▶ **Action item**: Take the data from its first line. Print each line exactly until the line containing "Ruebeland_Harz Baumannshoehle Ruebelaender" has been printed too.

Data entries:

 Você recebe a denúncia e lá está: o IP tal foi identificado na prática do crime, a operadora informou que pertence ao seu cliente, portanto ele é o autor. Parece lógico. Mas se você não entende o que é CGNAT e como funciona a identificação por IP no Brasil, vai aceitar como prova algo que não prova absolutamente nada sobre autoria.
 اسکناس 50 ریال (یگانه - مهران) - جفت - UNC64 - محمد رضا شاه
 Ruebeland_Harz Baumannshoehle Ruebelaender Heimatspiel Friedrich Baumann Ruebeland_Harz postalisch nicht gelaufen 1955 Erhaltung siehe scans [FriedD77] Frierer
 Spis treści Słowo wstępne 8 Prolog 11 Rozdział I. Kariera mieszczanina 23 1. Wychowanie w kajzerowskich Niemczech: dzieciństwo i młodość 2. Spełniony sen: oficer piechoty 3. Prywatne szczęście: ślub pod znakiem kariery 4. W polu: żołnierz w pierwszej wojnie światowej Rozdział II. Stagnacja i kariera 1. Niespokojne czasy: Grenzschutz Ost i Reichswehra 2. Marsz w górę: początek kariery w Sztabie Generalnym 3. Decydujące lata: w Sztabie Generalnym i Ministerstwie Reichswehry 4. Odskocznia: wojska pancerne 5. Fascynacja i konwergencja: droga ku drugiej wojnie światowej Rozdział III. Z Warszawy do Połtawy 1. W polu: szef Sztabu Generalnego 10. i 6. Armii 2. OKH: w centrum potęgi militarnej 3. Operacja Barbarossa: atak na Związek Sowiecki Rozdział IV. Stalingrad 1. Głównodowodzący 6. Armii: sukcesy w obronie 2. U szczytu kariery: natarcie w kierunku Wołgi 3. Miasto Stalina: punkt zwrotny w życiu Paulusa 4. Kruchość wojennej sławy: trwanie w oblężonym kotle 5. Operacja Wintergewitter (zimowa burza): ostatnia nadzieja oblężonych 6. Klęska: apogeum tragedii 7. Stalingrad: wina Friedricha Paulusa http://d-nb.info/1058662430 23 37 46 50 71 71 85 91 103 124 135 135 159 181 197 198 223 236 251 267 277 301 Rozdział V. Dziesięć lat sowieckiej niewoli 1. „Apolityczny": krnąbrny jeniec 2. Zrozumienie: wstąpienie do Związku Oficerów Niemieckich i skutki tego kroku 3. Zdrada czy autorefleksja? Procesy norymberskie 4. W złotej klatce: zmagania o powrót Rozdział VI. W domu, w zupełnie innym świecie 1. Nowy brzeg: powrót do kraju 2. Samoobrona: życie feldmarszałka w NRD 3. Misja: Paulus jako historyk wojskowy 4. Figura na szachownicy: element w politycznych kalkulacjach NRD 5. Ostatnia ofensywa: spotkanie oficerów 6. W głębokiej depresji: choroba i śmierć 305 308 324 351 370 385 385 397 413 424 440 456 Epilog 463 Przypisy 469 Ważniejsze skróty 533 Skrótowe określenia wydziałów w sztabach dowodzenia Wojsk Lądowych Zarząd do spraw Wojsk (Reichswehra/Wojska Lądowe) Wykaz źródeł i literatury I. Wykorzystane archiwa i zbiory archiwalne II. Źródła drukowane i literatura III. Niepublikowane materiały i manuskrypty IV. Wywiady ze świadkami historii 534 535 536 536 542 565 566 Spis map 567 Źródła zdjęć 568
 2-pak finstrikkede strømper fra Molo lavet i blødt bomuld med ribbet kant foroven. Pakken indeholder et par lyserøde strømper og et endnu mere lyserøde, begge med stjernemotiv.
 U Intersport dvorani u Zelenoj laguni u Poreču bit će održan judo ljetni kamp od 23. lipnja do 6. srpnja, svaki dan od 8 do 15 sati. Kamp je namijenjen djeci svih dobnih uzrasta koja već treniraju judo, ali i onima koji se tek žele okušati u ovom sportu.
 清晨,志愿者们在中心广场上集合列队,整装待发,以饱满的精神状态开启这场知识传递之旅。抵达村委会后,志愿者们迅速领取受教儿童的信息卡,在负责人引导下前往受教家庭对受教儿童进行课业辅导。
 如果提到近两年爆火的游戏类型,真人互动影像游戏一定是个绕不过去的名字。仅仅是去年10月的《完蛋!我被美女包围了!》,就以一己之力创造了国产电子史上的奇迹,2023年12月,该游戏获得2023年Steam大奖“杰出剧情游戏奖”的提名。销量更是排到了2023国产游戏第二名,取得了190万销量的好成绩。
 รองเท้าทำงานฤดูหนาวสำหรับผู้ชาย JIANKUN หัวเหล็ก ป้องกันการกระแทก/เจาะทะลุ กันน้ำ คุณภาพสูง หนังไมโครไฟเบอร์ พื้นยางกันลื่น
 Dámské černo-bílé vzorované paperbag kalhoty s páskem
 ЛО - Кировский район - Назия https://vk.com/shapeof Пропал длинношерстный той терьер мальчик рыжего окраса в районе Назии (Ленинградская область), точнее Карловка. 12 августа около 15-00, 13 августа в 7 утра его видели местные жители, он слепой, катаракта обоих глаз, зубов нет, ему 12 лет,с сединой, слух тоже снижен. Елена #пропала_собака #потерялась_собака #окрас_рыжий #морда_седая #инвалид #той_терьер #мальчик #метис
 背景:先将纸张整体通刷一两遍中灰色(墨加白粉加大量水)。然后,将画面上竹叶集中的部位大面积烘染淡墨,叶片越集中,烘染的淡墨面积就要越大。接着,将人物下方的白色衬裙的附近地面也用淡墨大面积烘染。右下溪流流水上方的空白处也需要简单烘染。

▶ **Response below**:
 Você recebe a denúncia e lá está: o IP tal foi identificado na prática do crime, a operadora informou que pertence ao seu cliente, portanto ele é o autor. Parece lógico. Mas se você não entende o que é CGNAT e como funciona a identificação por IP no Brasil, vai aceitar como prova algo que não prova absolutamente nada sobre autoria.
 اسکناس 50 ریال (یگانه - مهران) - جفت - UNC64 - محمد رضا شاه
 Ruebeland_Harz Baumannshoehle Ruebelaender Heimatspiel Friedrich Baumann Ruebeland_Harz postalisch nicht gelaufen 1955 Erhaltung siehe scans [FriedD77] Frierer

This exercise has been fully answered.